Contractual challenges – we don’t read find print either! Legal language will be the ultimate protector. [Wait, if you're not reading it either how does that work?]
Publishers need to start thinking about preservation before dissemination. Be proactive and have a plan for change. Need to be more collaborative with customers and partners. Find the resources to create an operational infrastructure around preservation.
What does it mean to preserve ebooks? Helpful definitions. Light archive vs dark archive. Light archive are basically today’s databases. Safe in the short run as long as these companies are still around. Dark archive is where the conversation is focused. Create a repository so there is still the ability for users to have access to the content. Access to these archives tightly guarded – inventory, audit, testing, etc.
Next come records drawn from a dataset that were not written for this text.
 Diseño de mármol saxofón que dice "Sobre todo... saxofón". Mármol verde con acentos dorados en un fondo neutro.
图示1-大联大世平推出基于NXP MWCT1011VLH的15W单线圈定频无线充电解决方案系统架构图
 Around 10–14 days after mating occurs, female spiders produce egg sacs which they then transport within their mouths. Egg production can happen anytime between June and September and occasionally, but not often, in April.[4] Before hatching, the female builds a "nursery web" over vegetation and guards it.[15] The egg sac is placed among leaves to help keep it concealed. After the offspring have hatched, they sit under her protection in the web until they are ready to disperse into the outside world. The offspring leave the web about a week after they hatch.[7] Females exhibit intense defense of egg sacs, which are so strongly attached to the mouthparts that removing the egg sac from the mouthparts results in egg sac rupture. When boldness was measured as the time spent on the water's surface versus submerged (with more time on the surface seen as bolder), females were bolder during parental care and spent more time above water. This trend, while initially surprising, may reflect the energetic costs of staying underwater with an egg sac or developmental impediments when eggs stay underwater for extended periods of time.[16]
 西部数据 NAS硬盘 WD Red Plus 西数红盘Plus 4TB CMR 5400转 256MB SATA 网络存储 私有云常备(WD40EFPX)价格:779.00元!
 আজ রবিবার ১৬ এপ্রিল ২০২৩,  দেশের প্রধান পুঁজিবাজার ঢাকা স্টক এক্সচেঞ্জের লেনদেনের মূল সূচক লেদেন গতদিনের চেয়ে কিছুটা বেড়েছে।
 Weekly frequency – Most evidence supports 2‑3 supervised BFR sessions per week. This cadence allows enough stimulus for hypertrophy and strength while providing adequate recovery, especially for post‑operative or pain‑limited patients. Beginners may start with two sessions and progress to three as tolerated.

Is the text all we need to preserve? All aggregators have the same file from the publisher and then do their own things to differentiate. Ultimately the publisher owns the original file – it’s their decision as to what becomes the version of record.
Portico takes publisher’s original file and normalizes it. Can then migrate to another format in the future if necessary. CLOCKSS takes a capture of the last user interface version of the ebook and preserves that.
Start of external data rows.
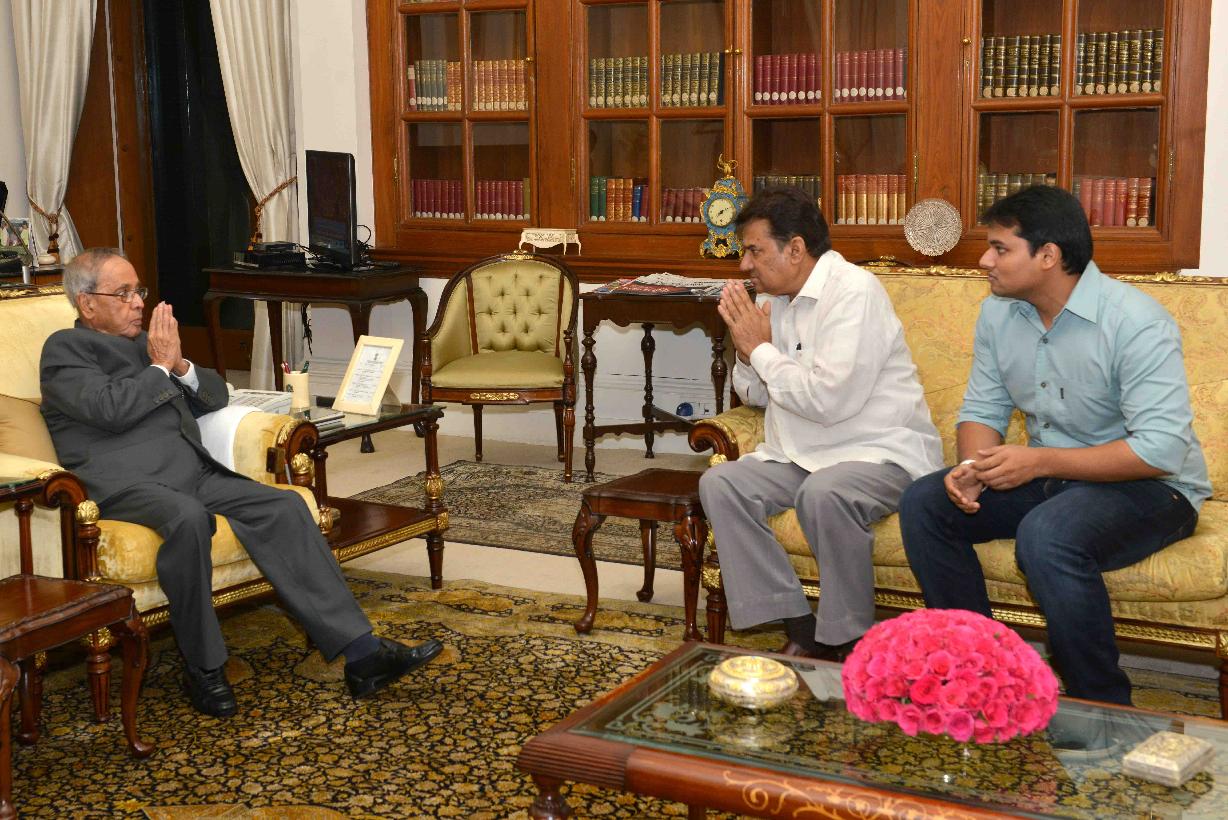 | Caption: | The President of India, Shri Pranab Mukherjee meeting with Shri KK Sharma, former Minister, Uttar Pradesh & Secretary, AICC alongwith his son, at Rashtrapati Bhavan, in New Delhi on August 21, 2015. |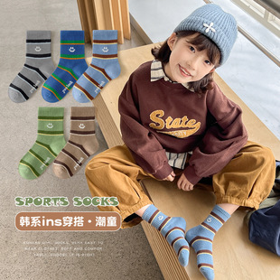 儿童袜子春秋韩系条纹笑脸男女童中筒袜中大童潮流百搭学生袜批发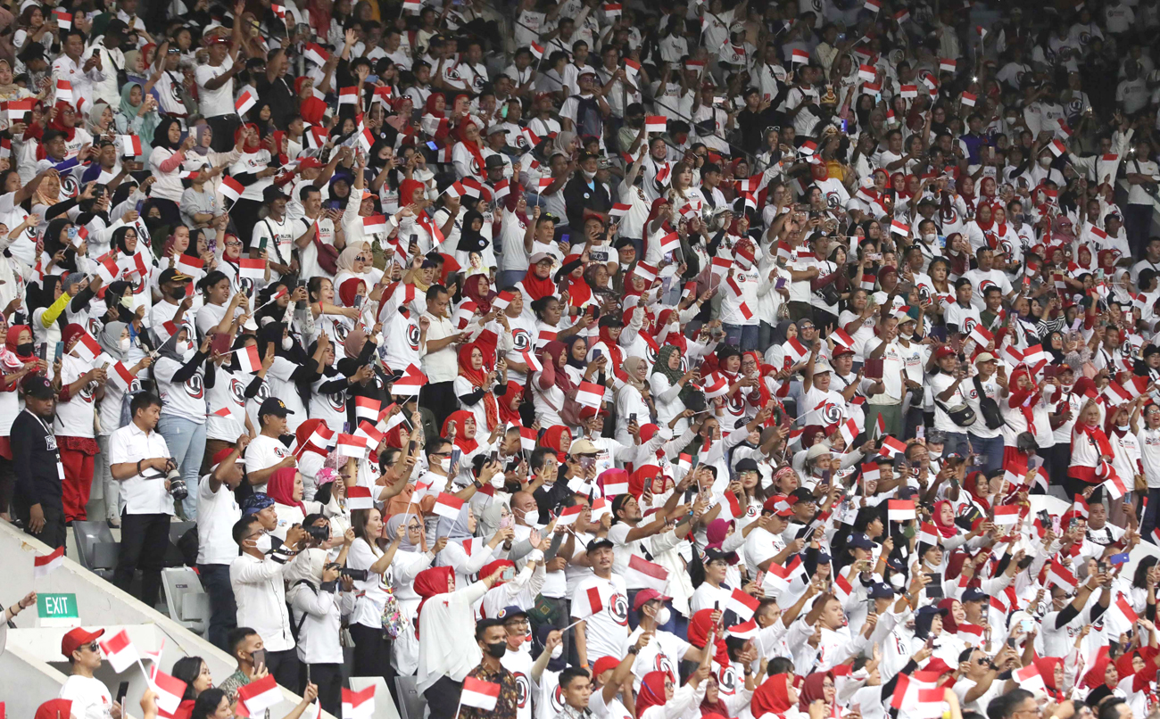 JARING ASPIRASI: Para relawan berkumpul di acara musyawarah rakyat relawan Jokowi di Istora Senayan, Jakarta, kemarin.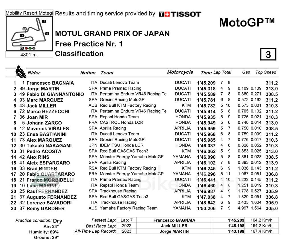Στην 4η θέση τέλειωσε το FP1 ο Marc Marquez στο Ducati GP 23 της Gresini Racing, μπροστά από τον Jack Miller με την KTM που σημείωσε τον πέμπτο ταχύτερο χρόνο μπροστά από τον Marco Bezzecchi (Ducati VR46 Racing Team) και τα Honda των Joan Mir (Team Repsol) και Johann Zarco (LCR). Τα δύο RC213V χωρίζονται από την κορυφή κατά 0,726s και 0,740s αντίστοιχα!

Who is responsible? Publisher owns the rights. Rights transferred over time, so maybe publisher no longer retains rights. In this case? If you bought it, your perpetual access continues, but no new copies can be sold. Removed from subscription services.
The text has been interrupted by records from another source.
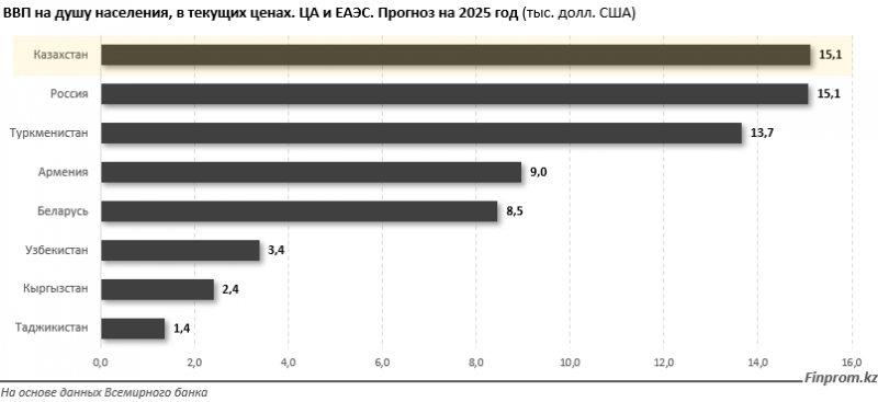 Среди государств ЦА и ЕАЭС по прогнозируемому ВВП на душу населения в текущих ценах лидируют Казахстан и Россия: по 15,1 тыс. долларов в каждой из стран. Следом идут Туркменистан (13,7 тыс. долларов), Армения (9 тыс. долларов) и Беларусь (8,5 тыс. долларов). Наименьшие показатели ожидаются в Таджикистане (1,4 тыс. долларов), Кыргызстане (2,4 тыс. долларов) и Узбекистане (3,4 тыс. долларов).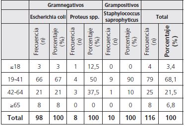 En todos los grupos etários, la bacteria predominante fue E. coli con el 84%. S. saprophyticus se encontró en un 90% en mujeres de 19 a 41 años (tabla 3).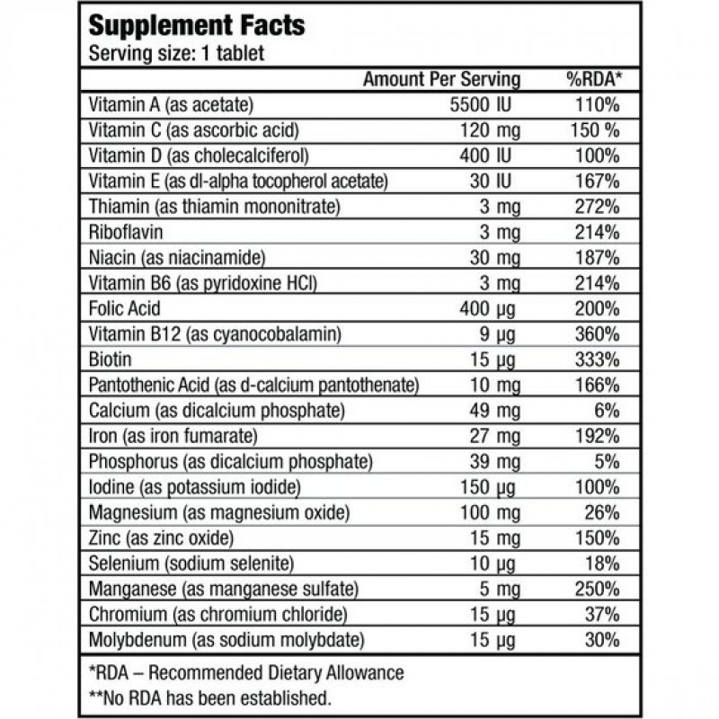 Комплексная витаминно-минеральная добавка One a Day - отличное решение для каждого человека, который стремится вести здоровый образ жизни. Прием комплекса One a Day обеспечит поступление всех самых необходимых веществ для нормального функционирования всего организма, а также во избежание проблемы тренировочного плато у спортсменов. При производстве такой качественной добавки как One-A-Day от Biotechиспользуются особые технологии, которые обеспечивают постепенное высвобождение элементов для максимально полного усвоения.Содержание элементов в 1й порцииВитамин А (ретинола ацетат) - 1650 мкгВитамин С (аскорбиновая кислота) - 120 мгВитамин D (эргокальциферол) - 10 мкгВитамин Е (ди-альфа токоферол) - 20 мгТиамин (тиамина мононитрат) - 3 мгРибофлавин - 3 мгНиацин (ниацинамид) - 30 мгВитамин В6 (пиридоксин HCl) - 3 мгФолиевая кислота - 400 мкгВитамин В12 (цианокобаламин) - 9 мкгБиотин - 15 мкгПантотеновая кислота (ди-кальция пантотенат) - 10 мгКальций (дикальция фосфат) - 120 мгЖелезо (железа фумарат) - 17 мгФосфор (дикальция фосфат) - 105 мгЙод (калия йодид) - 150 мкгМагний (магния оксид) - 100 мгЦинк (цинка сульфат) - 15 мгСелен (натрия селенит) - 10 мкгМарганец (марганца сульфат) - 4 мгХром (хрома хлорид) - 15 мкгМолибден (натрия молибдат) - 15 мкг

What if an aggregator exits the business? Not a trigger event for a dark archive – other aggregators to get the item from. Publishers could make deals with aggregators – if you go out of business, our customers going through you can access their purchased titles through another aggregator.
Weeding? Platforms designed to be additive – unlimited shelf space. Need to find a way to allow you to weed. Do you have a way to hide them from users but can re-enable access later? Permanently deleting? If you purchased in perpetuity and permanently deleted it, are you entitled to it if a trigger event causes an archive to release it?
Q: Aside from CLOCKSS and Portico, have you considered talking to digital archivists? A: Rolf: No. Learning curve on all of this and what these bodies represent. Scalability.
Q: Hi, I’m from CLOCKSS. In charge of ebook and ejournal preservation. Have you considered archiving your content but also the ability to render it in your original presentation? We could show it to the end user in the same way they had it when they purchased it. A: Rolf: Yes. Q: I want the engine that renders your content, don’t make us cobble together a rendition engine. A: Rolf: Can I change my answer to No? What does this involve from an infrastructure POV.
Comment: With Philly PL. I’m starting to ask for a copy when dealing with the publisher directly. They’re giving me the file or XML on disc. No idea what we’ll do but we have them in a box on my desk.
Sue: My library is doing the same thing, very difficult to normalize for our own interface. Takes a lot of work.
Q: Small private academic. Ebrary subscription. 70,000 MARC books, yay! Talking to faculty and decided if we have it in ebook, we won’t get print. Today someone emailed me saying McGraw-Hill just pulled 2,500 books out of ebrary. We’ve had it for two months. If we’re commiting the money, aggregator & publisher need to commit to availability for a certain amount of time. A: Ken – decision by the publisher across all aggregators. Happened to us, too. They own the content, though. Risk of a subscription.
Q: Bookmarks, notes in the margin. Adds value, but patrons want to keep the book. Now that they’ve added stuff they want to purchase it. Could you look into this? A: Rolf: If it makes money, I like it. Just need a shopping cart. Could also do just a chunk of the book if that’s all someone wants. Thinks this is coming.
Q: Light v dark archive – academic equivalent is offsite storage. This involves bringing all the content back – what if we just want one book? Reasonable, timely manner, not onerous process. Thoughts on that? A: Ken: That’s a good question but I don’t know the answer.